══ EXERCISE DATA

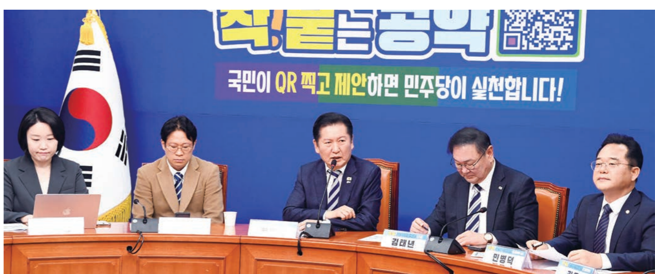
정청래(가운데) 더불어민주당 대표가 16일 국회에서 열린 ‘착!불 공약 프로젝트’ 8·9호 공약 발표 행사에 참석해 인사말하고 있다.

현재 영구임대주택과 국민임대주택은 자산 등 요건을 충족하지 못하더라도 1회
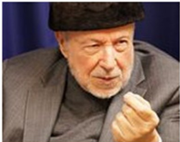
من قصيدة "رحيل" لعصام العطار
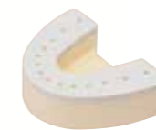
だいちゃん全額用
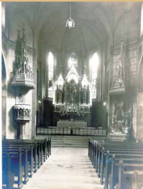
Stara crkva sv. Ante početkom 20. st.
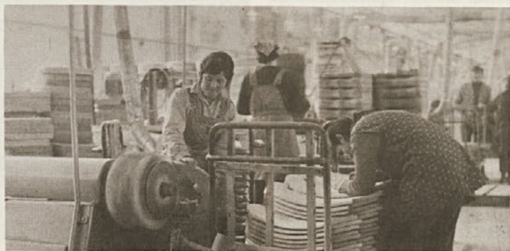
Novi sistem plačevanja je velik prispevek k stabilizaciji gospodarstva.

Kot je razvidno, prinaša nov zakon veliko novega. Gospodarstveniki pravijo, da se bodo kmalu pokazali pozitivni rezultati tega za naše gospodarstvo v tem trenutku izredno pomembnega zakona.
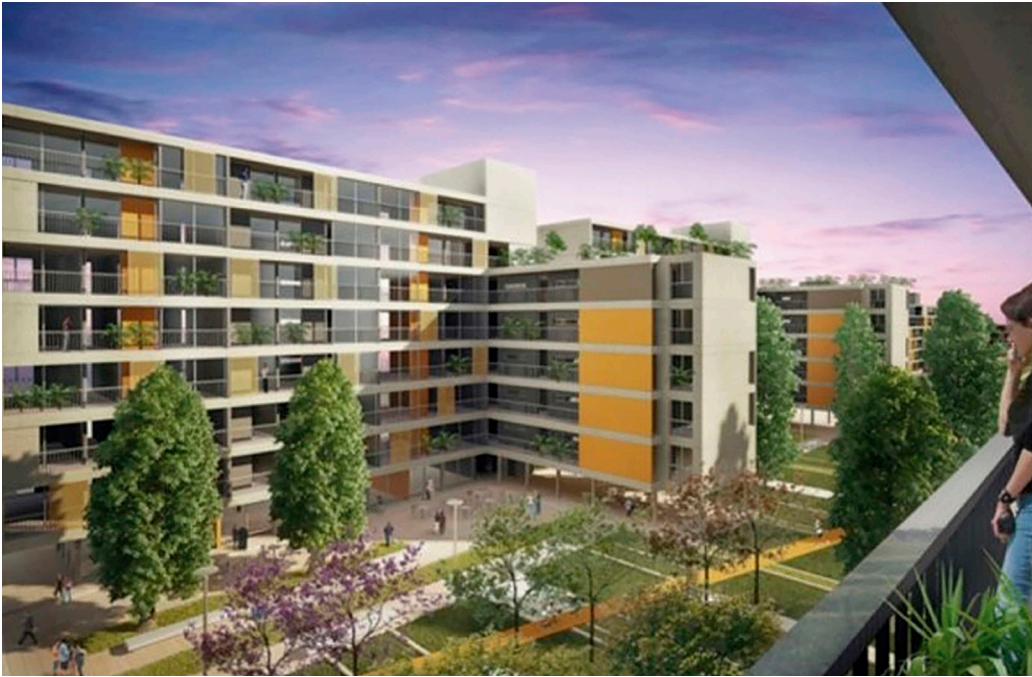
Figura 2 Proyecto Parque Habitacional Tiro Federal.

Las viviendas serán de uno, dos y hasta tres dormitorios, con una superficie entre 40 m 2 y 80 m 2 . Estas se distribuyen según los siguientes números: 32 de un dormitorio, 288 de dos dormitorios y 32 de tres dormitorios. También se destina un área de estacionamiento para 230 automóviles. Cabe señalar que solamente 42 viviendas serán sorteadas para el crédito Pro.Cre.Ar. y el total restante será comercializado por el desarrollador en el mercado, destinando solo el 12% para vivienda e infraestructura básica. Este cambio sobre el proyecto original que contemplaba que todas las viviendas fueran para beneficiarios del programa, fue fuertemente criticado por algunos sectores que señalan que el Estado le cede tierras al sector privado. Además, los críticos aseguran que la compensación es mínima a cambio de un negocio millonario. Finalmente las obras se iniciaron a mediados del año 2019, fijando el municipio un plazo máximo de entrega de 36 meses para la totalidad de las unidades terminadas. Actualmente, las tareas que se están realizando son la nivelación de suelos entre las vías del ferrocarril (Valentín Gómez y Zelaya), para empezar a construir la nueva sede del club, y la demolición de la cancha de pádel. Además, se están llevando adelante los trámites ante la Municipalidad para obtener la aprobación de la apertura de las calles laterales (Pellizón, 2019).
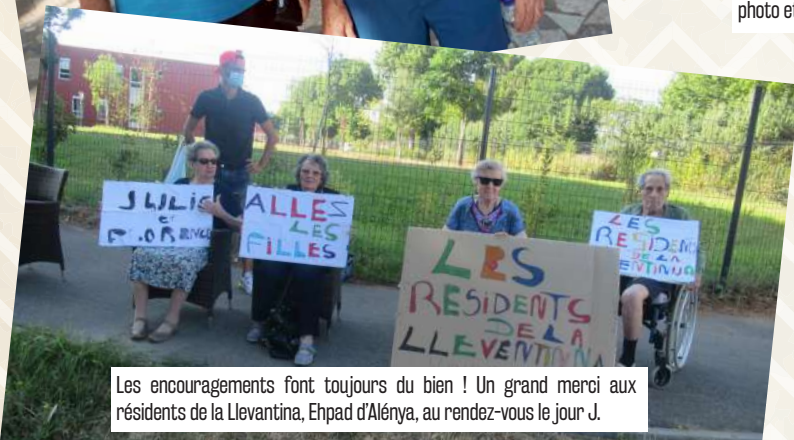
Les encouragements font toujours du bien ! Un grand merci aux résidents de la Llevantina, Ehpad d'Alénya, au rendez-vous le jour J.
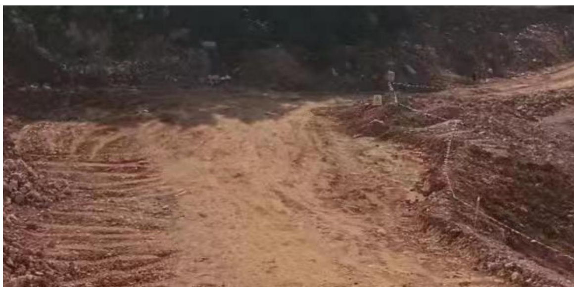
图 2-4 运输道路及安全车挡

════

INSTRUCTIONS FOR THE TASK ->
Repeat the listing above from its first line through the line that contains "Novi sistem plačevanja", both included, and nothing more. Drop the pictures.

SOLUTION TO THIS PROBLEM ->
정청래(가운데) 더불어민주당 대표가 16일 국회에서 열린 ‘착!불 공약 프로젝트’ 8·9호 공약 발표 행사에 참석해 인사말하고 있다.

현재 영구임대주택과 국민임대주택은 자산 등 요건을 충족하지 못하더라도 1회
من قصيدة "رحيل" لعصام العطار
だいちゃん全額用
Stara crkva sv. Ante početkom 20. st.
Novi sistem plačevanja je velik prispevek k stabilizaciji gospodarstva.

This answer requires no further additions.